Vector Store Index Result

The HNSW vector store will be saved in the specified output path, ready for use with the HNSW Retriever plugin.

2. HNSW Retriever Plugin

The HNSW Retriever plugin processes prompt with the Gemini LLM Model, enriched with additional specific information from the HNSW Vector index.

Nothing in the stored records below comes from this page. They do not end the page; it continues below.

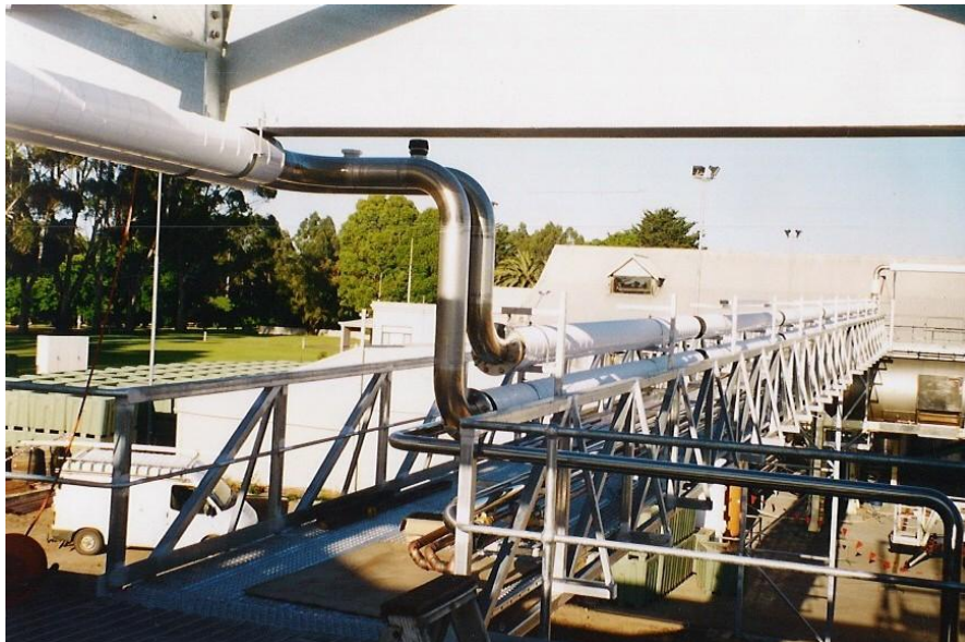
Process Piping fabrication and installation Gundry Winery

Protection of the environment is practiced in all company operations. Control and disposal of waste materials is carried out in accordance with legislative and council requirements. The company is able to demonstrate adherence to elements of ISO 14001 necessary to fulfill clients' project contractual obligations.
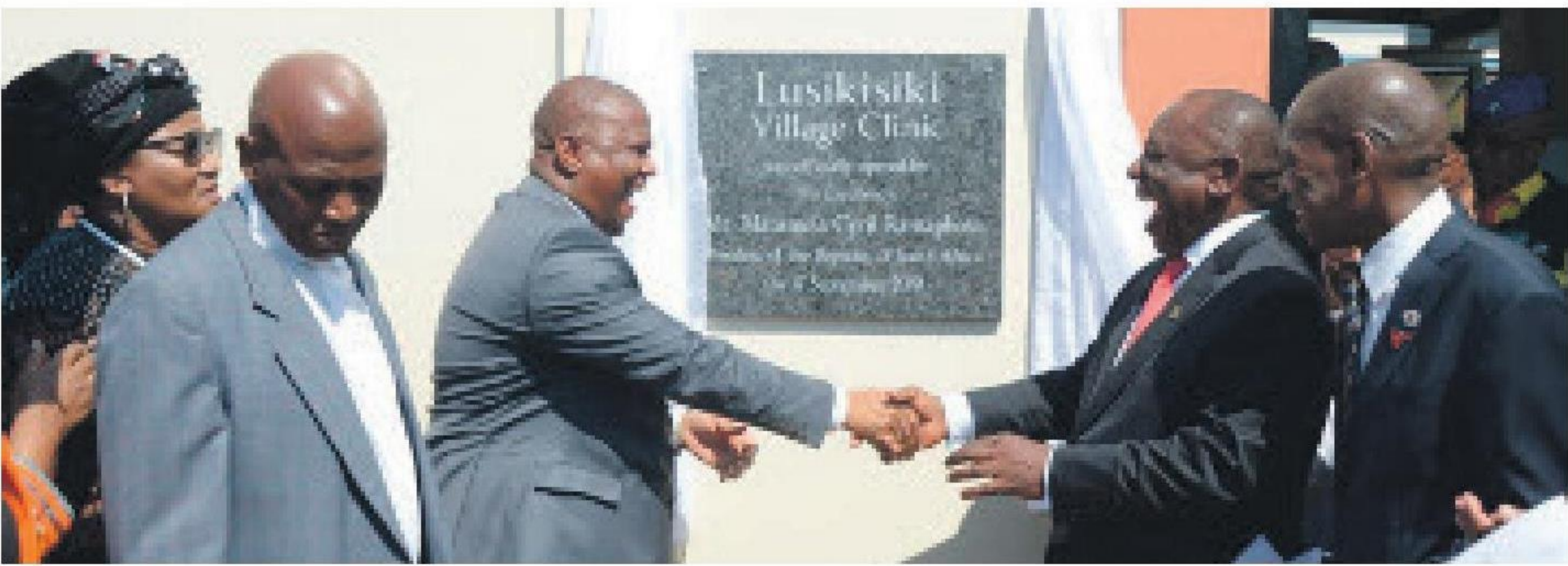
Model of Success: H.E. President Cyril Ramaphosa joined by the Minister of Health, Dr. Zweli Mkhize, and Premier of the Eastern Cape, Oscar Mabuyane & EC Health MEC, Sindiswa Gomba at the opening of the NHI Lusikisiki Clinic in 2019.

Following the introduction of the National Health Insurance (NHI) programme, spearheaded by the National Department of Health (NDoH), Coega has been at the forefront of implementing eight (8) successful projects in the Eastern Cape Province. The eight (8) completed projects are located in the OR Tambo NHI Pilot district of the province of the EC, valued at R289 million and have created in excess of 790 jobs.
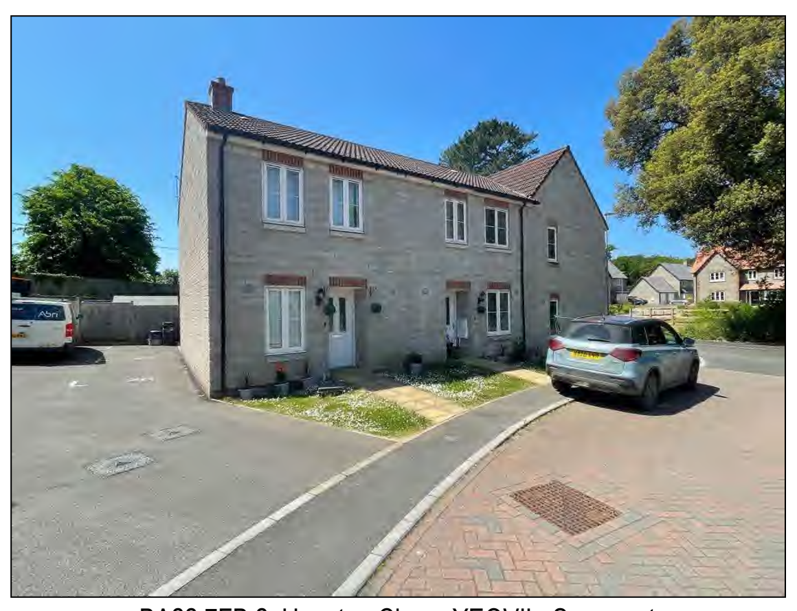
BA22 7FB 2, Hanyton Close, YEOVIL, Somerset
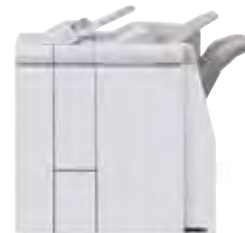
Standard Finisher with Optional C-Z Folder (2-100 sheets, 3-position variable length stapler)

Your choice for long production runs, removable carts make it easy to unload your large jobs. Dual stackers support unload-while-run capability so you can be even more productive.
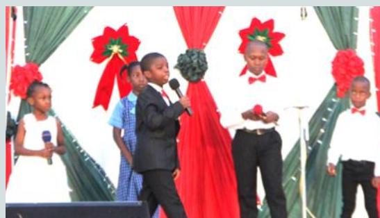
The children, joyful faces and dramatic scenes that marked high moments at the Feast of Light .
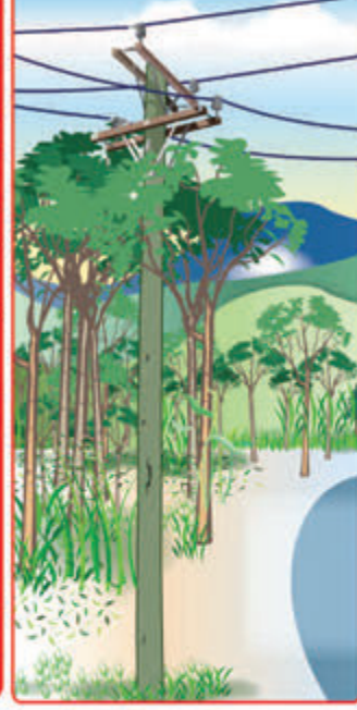
NOKEN LARIM DIWAI I GRO ANTAP OL PAWA LAIN

Plis ringim National Call Centre lo dispela namba long ripotim ol hevi bilong pawa: 7090 8000, 7653 5261 or 7653 5272 Email: callcentre@pngpower.com.pg
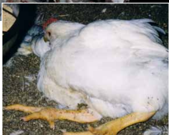
Many birds have difficulty standing, due to leg disorders induced by unnatural weight.

As many as 26% of chickens raised for meat are severely crippled and 90% cannot walk normally by the time they reach slaughter-weight.
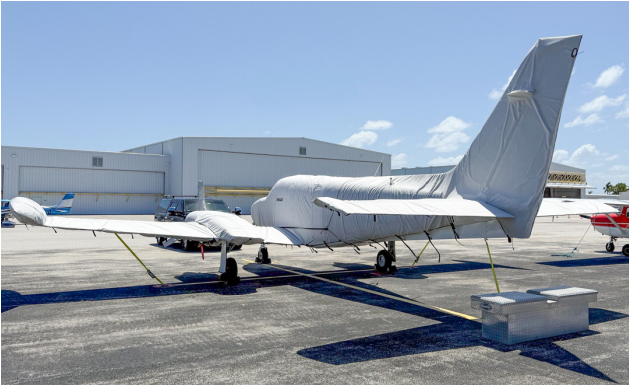
Cessna 340 Complete Cover Set

This cover type is made from Silver Acrylic Sunbrella canvas and is 100% lined with a soft and smooth microfiber. Bruce's Custom Covers developed this material combination especially for aircraft protection. The outer material is medium weight and treated for water resistance, UV resistance and anti-static buildup. The inner lining is a very soft and smooth microfiber to prevent scratching. The material is very reflective, and tests show that the cabin interior temperature can be reduced to near-ambient temperature on the hottest of days. It is water, ice and snow repellent, yet breathable to allow moisture to escape from between the cover and the aircraft surface.

Registering the HNSW Retriever Plugin

Import the necessary plugins into your Genkit project:

import { googleAI } from "@genkit-ai/googleai";
import { hnswRetriever } from "genkitx-hnsw";
export default configureGenkit({
plugins: [
googleAI(),
hnswRetriever({ apiKey: "GOOGLE_API_KEY" })
]
});

Running the Retriever

  1. Open the Genkit UI and select the HNSW Retriever plugin.
  2. Execute the flow with the required parameters:
  • prompt: Your input query is for the AI.
  • indexPath: Path to the vector index file generated by the HNSW Indexer plugin.

Example Prompt

To ask about the price list of a restaurant in Surabaya City:

prompt: "What is the price list of my restaurant in Surabaya City?"
indexPath: "/path/to/your/vector/index"

Conclusion

The integration of HNSW Vector index with Genkit significantly enhances the capabilities of Generative AI models by providing enriched context and specific knowledge.

This approach not only improves the accuracy of AI responses but also simplifies the process of knowledge integration, making it a powerful tool for various applications.

By following the steps outlined in this article, you can effectively leverage the HNSW Vector index to build more intelligent and context-aware AI systems in a very short time like instantly!

Hope this helps and see you in the next one!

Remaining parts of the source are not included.